Quarry owneer miffed by unapproved tree cutting

DORSET - On Monday, Oct. 28, Dick McDonough walked around his property and noticed large areas of trees had been cut down without his consent. McDonough owns 45 acres of land that include the Dorset Quarry, a popular summer time swimming area for residents of Dorset and surrounding areas.

"I went down yesterday (Monday) to take some pictures of the quarry and there were...large piles of trees and brush," he said. McDonough said he and his family were home over the weekend, but they did not hear or see anyone clearing the area. "All of the trees were freshly cut, white wood. They cut a path up to these marble blocks," he said.

McDonough said some of the trees and brush were in piles but some had also been thrown off the ledge and into the quarry. He said the area cleared was not accessible before because it was dangerous.

Now that the land has been cleared, McDonough is worried about the marble blocks in the cleared area.

"These blocks weigh a few tons, and we've had slides before," he said. "By doing this, they've made the area more dangerous than it used to be." McDonough is going to continue to monitor the area for incidents such as rockslides. He said he wants to make sure no one gets hurt.

All together, a few hundred trees were cut down, but McDonough can't be sure how many were lost because some are also underwater or on the ledge in the quarry.

"The total distance [of trees cut down] is close to 100 yards," McDonough said. "It wraps up and around the quarry."

Earlier this year, McDonough added a parking area to accommodate residents coming to the quarry.

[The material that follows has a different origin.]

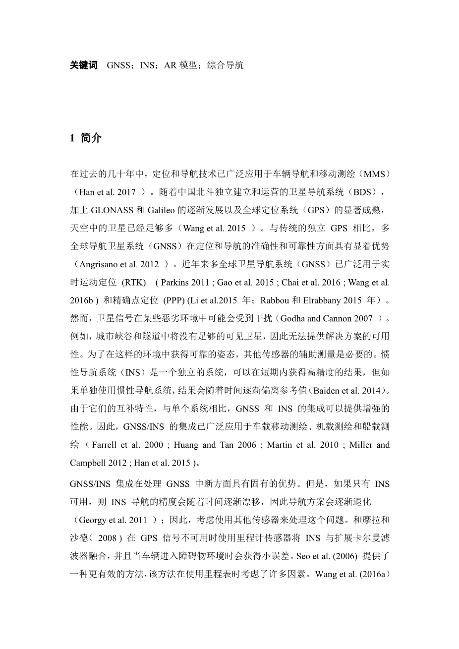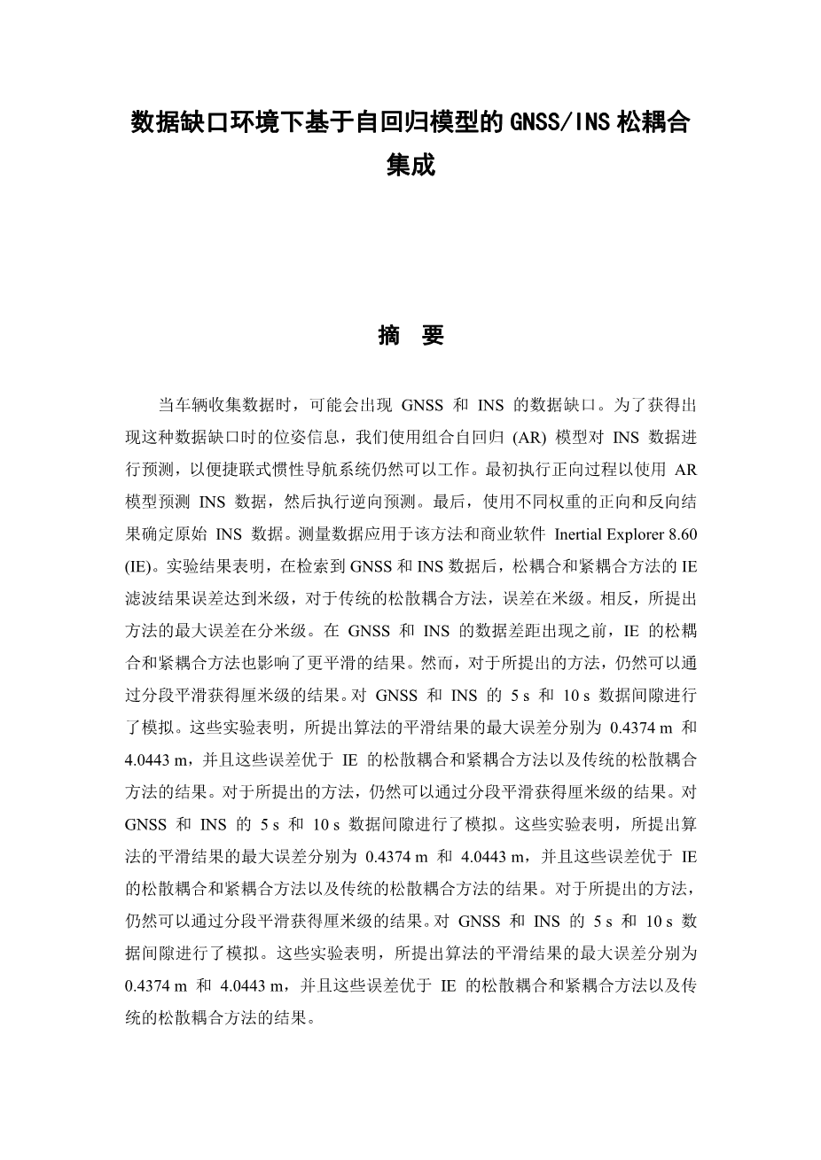 - 数据缺口环境下基于自回归模型的GNSS/INS松耦合集成外文翻译资料

Parking along Route 30 and Black Rock road has been a point of contention for residents living in the area. Some were concerned visitors to the quarry were blocking the road and potentially blocking emergency response vehicles.

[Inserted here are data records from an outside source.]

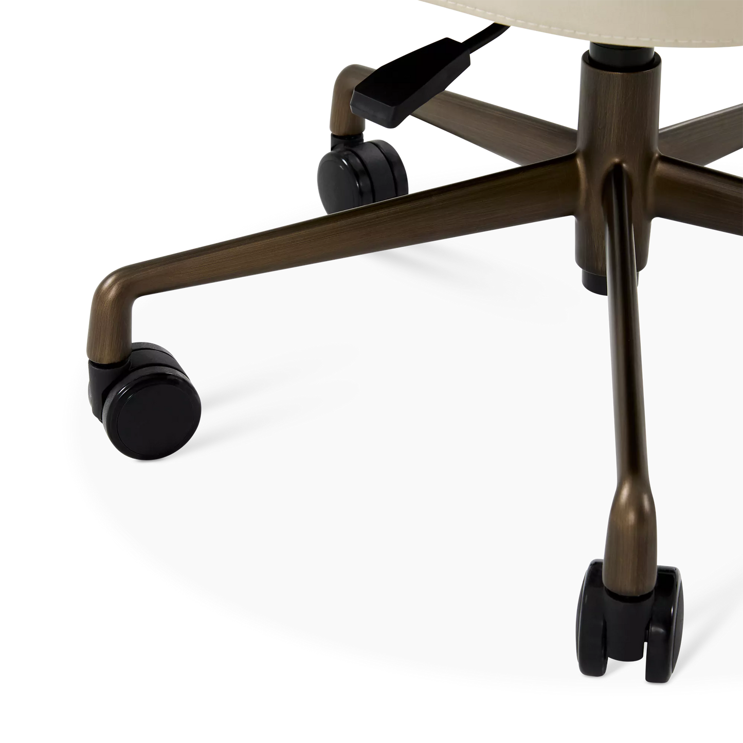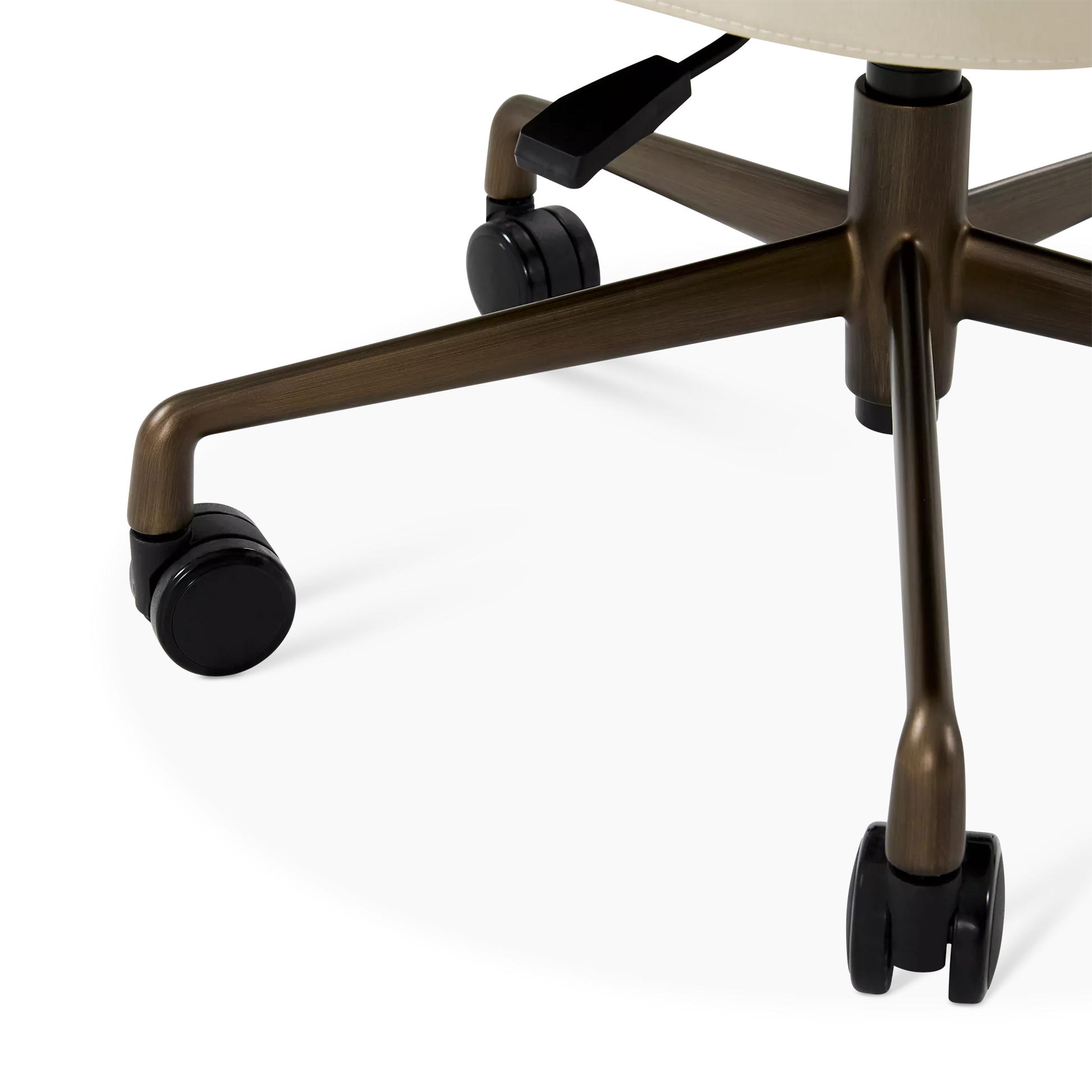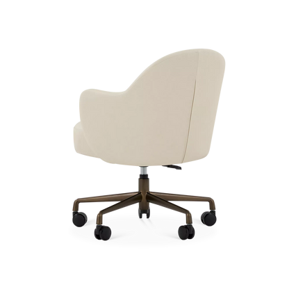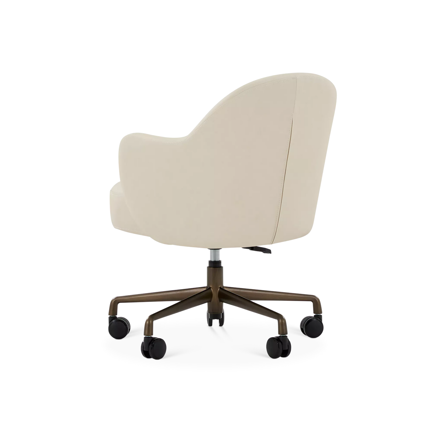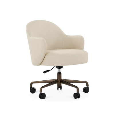 Dessinée par le designer danois Morten Georgsen, la chaise pivotante Bae allie douceur des formes et ergonomie bien pensée. Son assise généreuse avec ressorts intégrés, ses accoudoirs enveloppants et sa base à roulettes la rendent aussi confortable que raffinée, pensée pour s’intégrer dans les intérieurs contemporains.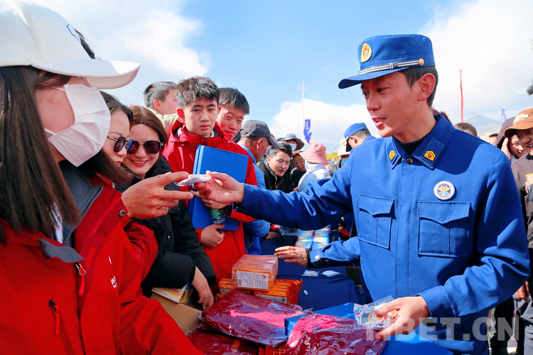 圖為啟動(dòng)儀式現(xiàn)場(chǎng)拉薩消防指戰(zhàn)員向市民發(fā)放文創(chuàng)產(chǎn)品和宣傳資料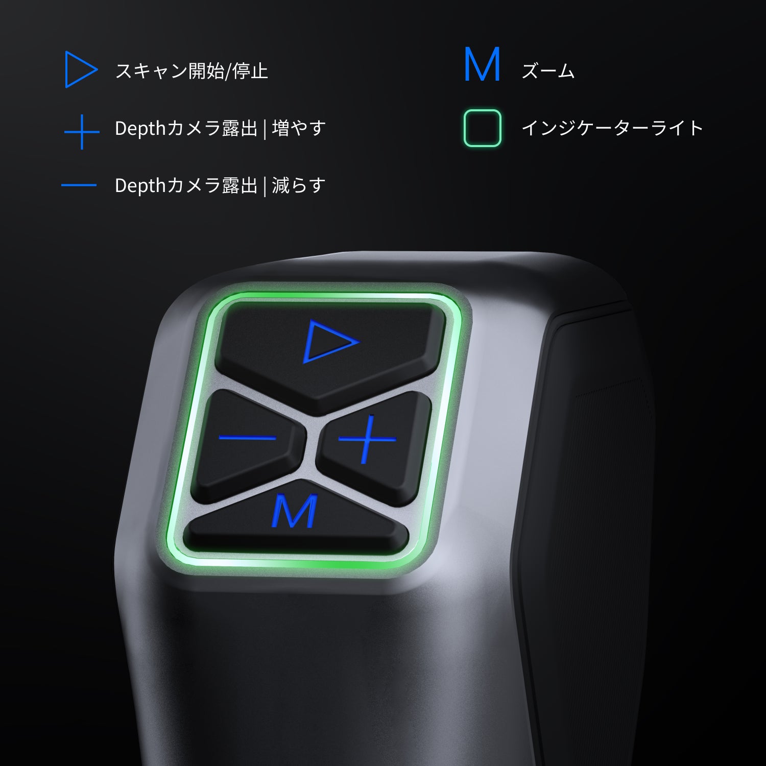 MetroXの4ボタンコントロールシステムを使えば、スキャンを簡単に操作できます。開始/一時停止、深度カメラの露出の調整、ズームイン/アウトなどを、すべて手元でスムーズに行えます。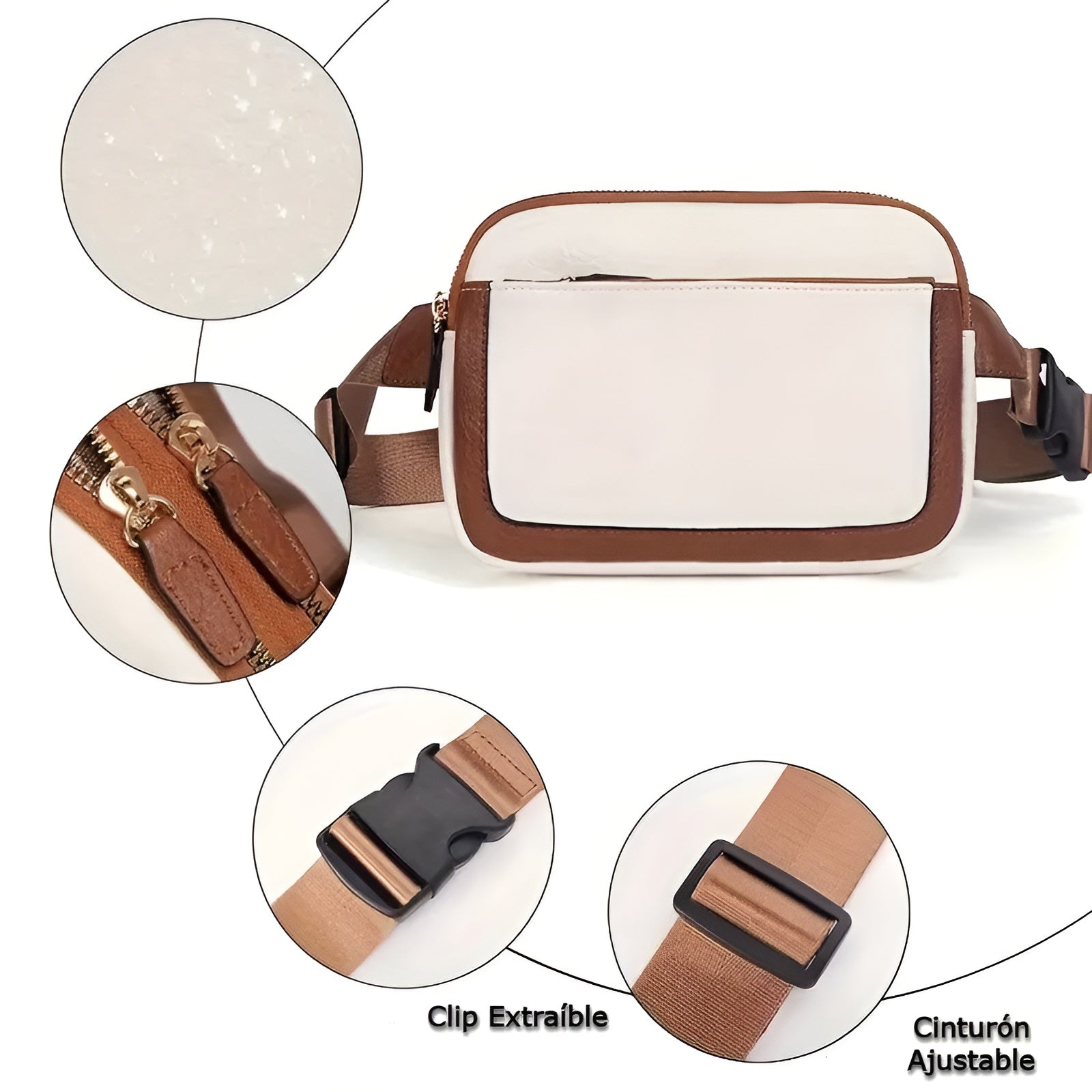 Espacio práctico para lo esencial: Su diseño compacto pero funcional incluye dos compartimentos con cierre en la bolsa principal y un bolsillo frontal con cierre, ofreciendo suficiente espacio para organizar

"I expended a considerable amount of my own money to put the parking in...to get this kind of treatment..." he said.

Under Vermont Statute 3602, the unlawful cutting of trees on private property without the owner's consent can result in monetary fines decided by the size of the tree stump. For a tree measuring no more than six inches or smaller in diameter, the fine is $25. However, for larger trees, the fine can range anywhere from $150 a tree to $1,500.

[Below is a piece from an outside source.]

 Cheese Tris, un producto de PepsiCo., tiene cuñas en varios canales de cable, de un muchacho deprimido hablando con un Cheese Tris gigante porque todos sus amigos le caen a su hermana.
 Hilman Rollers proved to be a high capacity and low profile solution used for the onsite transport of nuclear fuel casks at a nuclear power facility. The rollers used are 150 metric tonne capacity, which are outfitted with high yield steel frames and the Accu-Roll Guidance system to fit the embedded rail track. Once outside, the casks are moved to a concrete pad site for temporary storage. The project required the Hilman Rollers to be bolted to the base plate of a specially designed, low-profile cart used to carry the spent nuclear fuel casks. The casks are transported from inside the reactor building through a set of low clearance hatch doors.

After McDonough discovered the trees had been cut down, he contacted the Vermont State Police, Shaftsbury Barracks.

McDonough said a trooper came and observed the scene. A police report was filed, but has yet to be obtained. According to the Vermont State Police, Shaftsbury Barracks, the officer has 30 days to file the police report.

"We went around and walked the area...[and the trooper] commented on how expansive the area [cut down] was," he said.

While on the property, the state trooper told McDonough to post more signs, informing visitors they are on private property.

"When you come into the area, there are signs immediately in front of you, letting you know what you can do on the land," he said. "You can't possibly go in and not know it's private property."

McDonough said he hopes to find out who removed the trees and that more are not cut down, especially closer to his home. He has created a kind of buffer area, to keep his home private from the quarry visitors.